One problem cited as a reason for the guidelines poor predictive value was variations in the definition of tachypnea used in previous studies, which could range from 40 to 59 breaths per minute. Rothrock and coworkers also suggested that high interobserver variability has clouded the definition of respiratory distress and rales, making unreliable any guidelines incorporating these as diagnostic criteria for pneumonia. Before guidelines are made available for clinical use, the authors concluded, they should be prospectively evaluated in clinical settings, must comprise reproducible criteria, and must minimize interobserver variability.
Rothrock S, Green S, Fanelli
JM et al. Do published guidelines predict pneumonia in children presenting to
an urban ED? Pediatr Emerg Care. 2001;17: 240-243.
WASTING PREDICTS CF OUTCOMES
Body wasting has been found to be a significant predictor of survival for patients with cystic fibrosis (CF). Independent of lung function and of arterial oxygen tension (Pao2) and carbon dioxide tension (Paco2), this measurement reliably predicted outcome for at least five years.

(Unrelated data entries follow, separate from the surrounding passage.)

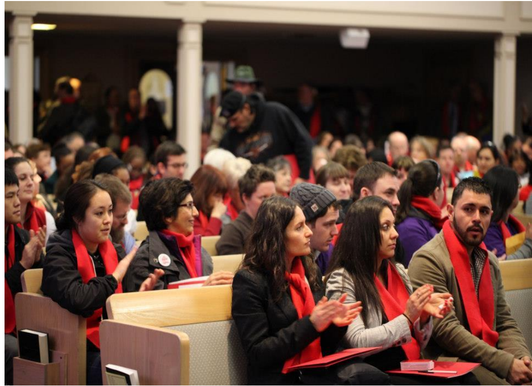
Advocates at the Morning Call to Action, HHAD 2014.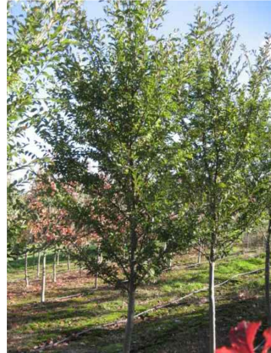
Ulmus parvifolia 'Burnley Select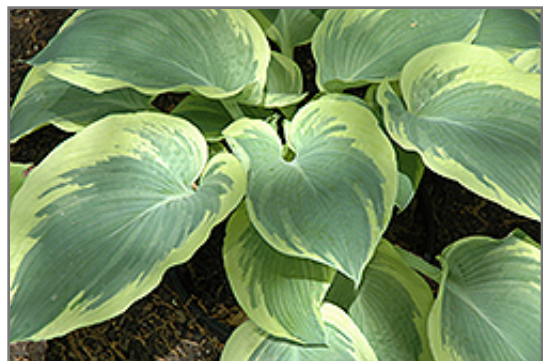
Northern Exposure Hosta foliage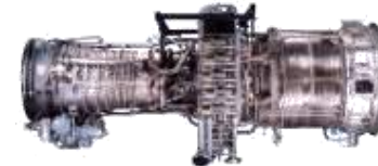
LM2500+ 28-34 MW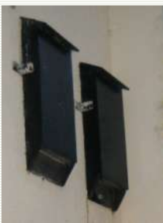
Photographs: 1FF flat woodcrete bat boxes erected on timber poles (this bat box is often used by brown long-eared bats and pipistrelles); Two pipistrelles bats roosting in a 1FF woodcrete box; bat tube strapped to ceiling of culvert (similarly could be used for internals walls); timber maternity boxes erected on exterior wall.

For more information on bats please check out the following websites and guidelines:www.batconservationireland.org – there are series of guidelines on Bats in Buildings, Bat and Lighting etc. that will provide more detailed information. www.batroostireland.org is a website with specific information on bat boxes that have been successfully designed to provide suitable conditions for maternity roosts in Ireland.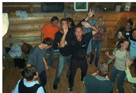
Sauna-house dancing in the woods of Latvia

dinner for the UBC delegates and the fare-well dinner for the Baltic Welcome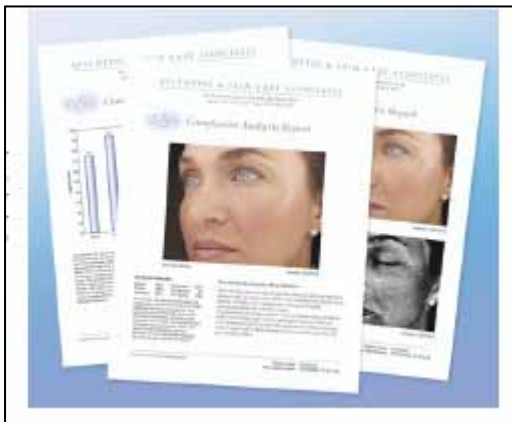
Figure 3. Your personalized VISIA™ complexion analysis incorporates specific comments and recommendations by Dr. Harvey and staff.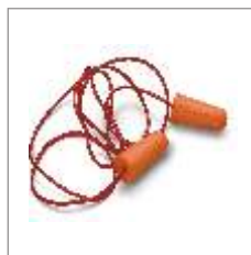
Disposable Ear Plug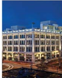
Compatibility Intent: Make new rooftop additions physically and visually compatible with the historic building.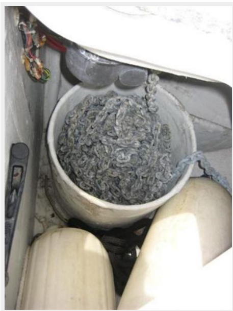
All Chain Rode in Anchor Locker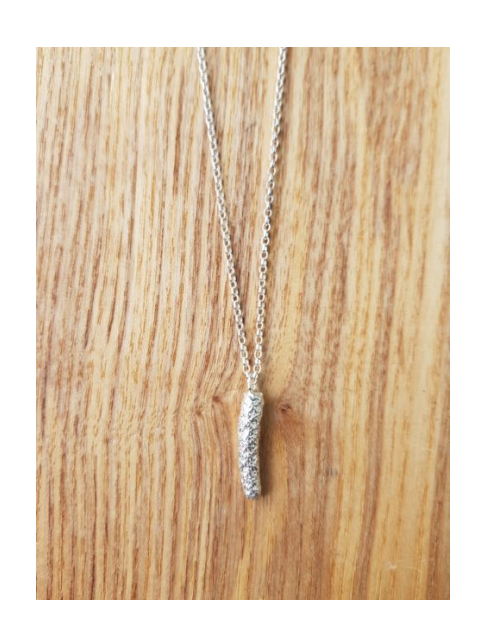
1.4mm Belcher Chain Catkin EA54 £123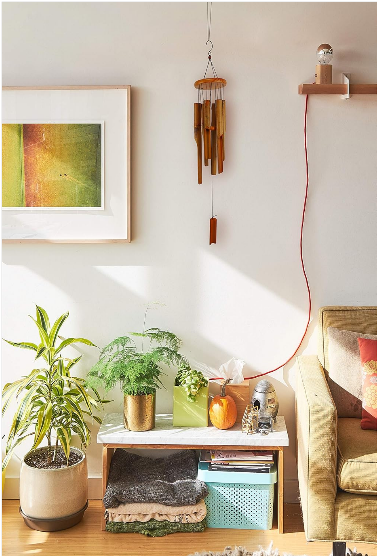
Image: The wind chime hanging inside a room, providing a decorative element.

Sharma et al studied 584 CF
patients with a mean age of 21 years. Forced expiratory volume in one second (FEV1)
averaged 26% of predicted. Pao2 and Paco2 averaged 9.8 and 5.0 kPa, respectively,
and average body weight was 92% of ideal. Neither patients age nor
sex was predictive of outcome after five years. However, patients weight
was predictive: 83% of subjects weighing more than 85% of ideal survived
past five years, compared with 54.3% of those who weighed 85% of ideal
or less. Additionally, patients with FEV1 greater than
30% of predicted had significantly better outcomes than did those whose FEV1
was 30% or less. Neither Pao2 nor Paco2 was found to accurately predict survival.
Probability of death increased most dramatically as body weight fell. The researchers stated that the development of cachexia in CF patients should be considered a serious warning sign. They recommend that cachexic patients be considered for lung or heart-lung transplantation earlier than patients with normal nutritional status. Delaying transplant surgery to improve nutritional status first would not have a positive result, they said; previous work has demonstrated that preoperative body mass does not influence survival after surgery.
Sharma R, Florea VG, Bolger AP, et al. Wasting as an independent predictor
of mortality in patients with cystic fibrosis. Thorax. 2001;56:746-750.